CASE SUMMARY

On November 4, 2011, the County Commission of Jefferson County, West Virginia, and several county residents filed a federal lawsuit against West Virginia's Secretary of State, their Governor, and the leaders of the West Virginia Legislature, challenging the Legislature's enacted congressional redistricting plan (S.B. 1008) as unconstitutional under the federal and state constitutions due to it having impermissible population variances. When the West Virginia Legislature redrew its congressional districts following the 2010 decennial census, the West Virginia Senate's redistricting task force drafted a plan with a relative overall population deviation of 0.0% (1 person) amongst the state's three congressional districts. The Legislature considered four different proposed amendments to S.B. 1008 and ultimately adopted an amended version of the plan that had a relative overall deviation of 0.79% (4,871 people), which was the second highest population variance out of the four proposed amendments to S.B. 1008. The plaintiffs alleged that S.B. 1008's legislative record contained no legitimate objective to justify why the plan with a higher population variance was selected. Citing these variances, the plaintiffs claimed that the plan overpopulated the state's Second Congressional District, thereby diluting the votes of residents therein in violation of Article I, Section 2 of the U.S. Constitution and discriminating against those voters in violation of the Equal Protection Clause of the 14th Amendment. They further alleged that the plan's population variances and configuration of the Second Congressional District violated the equal population and compactness requirements under Article I, Section 4 of the West Virginia Constitution. The plaintiffs sought a declaratory judgment that the enacted congressional plan violated the federal and state constitutions, injunctive relief barring the defendants from using the plan in any future elections, and a court order adopting a more compact and equally populous congressional plan be enacted. On December 15, 2011, the case was transferred to the U.S. District Court for the Southern District of West Virginia.

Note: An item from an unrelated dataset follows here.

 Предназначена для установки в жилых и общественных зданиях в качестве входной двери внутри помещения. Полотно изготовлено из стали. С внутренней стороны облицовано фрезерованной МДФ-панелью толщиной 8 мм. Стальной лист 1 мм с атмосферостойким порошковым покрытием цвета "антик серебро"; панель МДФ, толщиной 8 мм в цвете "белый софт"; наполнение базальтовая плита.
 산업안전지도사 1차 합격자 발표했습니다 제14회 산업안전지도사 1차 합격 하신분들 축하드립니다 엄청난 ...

On January 3, 2012, the district court held that West Virginia's enacted congressional plan violated the equal population requirements of Article I, Section 2 of the U.S. Constitution, finding that the state failed to make a good faith effort to draw districts of equal populations. The court rejected the state's argument that the deviations were justified as being necessary in order to achieve their redistricting policy objectives of respecting county boundaries, preserving the cores of prior districts, and avoiding pairing incumbents, citing the existence of several alternative proposals which achieved these policy goals with smaller deviations and the state's failure to show the "precise portion" of each deviation that was attributable to each policy. The court also rejected the state's comparison of this plan's deviation to a comparable one in a 1970's plan which was sustained by a federal court in West Virginia, stating that modern day redistricting technology has made achieving a zero-variance plan much easier and much more practicable than in the past, as evidenced by the fifteen states which had enacted such plans in the 2010 cycle. Basing its ruling entirely on the U.S. Constitution, the court declined to address the plaintiffs claims brought under the West Virginia Constitution. Finding the enacted plan to be unconstitutional, the court enjoined it from being used in future elections and ordered the state to enact a new, properly apportioned plan. The defendants appeals to the U.S. Supreme Court, and the Supreme Court granted a stay on the district court's judgment pending the appeal.

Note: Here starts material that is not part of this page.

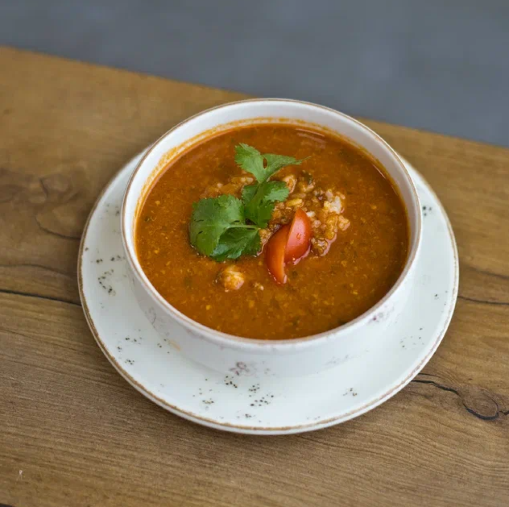 Говядина, рис, картофель, лук, морковь, томатная паста, перец красный, кинза
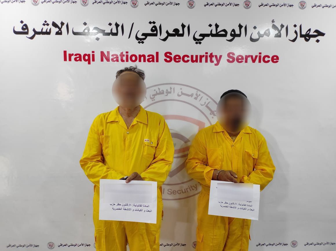 استناداً إلى أمر قبض وفق م/ (8) من قانون حظر حزب البعث والكيانات والأحزاب والأنشطة العنصرية والإرهابية والتكفيرية.. الأمن الوطني يلقي القبض على (2) من المتهمين في النجف الأشرف

On September 25, 2012, the U.S. Supreme Court issued a per curiam opinion reversing the district court's judgment and upholding the state's enacted congressional plan as constitutional. First, the Court ruled that the district court erred in concluding that improved redistricting technology had converted a historically "minor" deviation into a "major" one today since the degree of harm resulting from such malapportionment remained the same. Next, the Court explained that the redistricting policies put forth by West Virginia were valid and sufficient to sustain the enacted plan because none of the alternative proposals came close to achieving all of the State's policy goals while also achieving a lower variance. It also clarified that no precedent requires a State to produce the precise portion of each deviation attributable to each redistricting policy. In light of its ruling, the Court remanded the case back to the district court for further proceedings on the state constitutional claims.

On January 25, 2013, the district court, on remand, ordered the case be dismissed on the grounds that West Virginia courts should have the first opportunity to address the remaining "novel" issues involving the West Virginia Constitution.

CASE LIBRARY

U.S. District Court for the Northern District of West Virginia - No. 3:11-cv-0096

U.S. District Court for the Southern District of West Virginia - No. 2:11-cv-0989

U.S. Supreme Court - No. 11A674 (Stay) & 11-1184 (Merits)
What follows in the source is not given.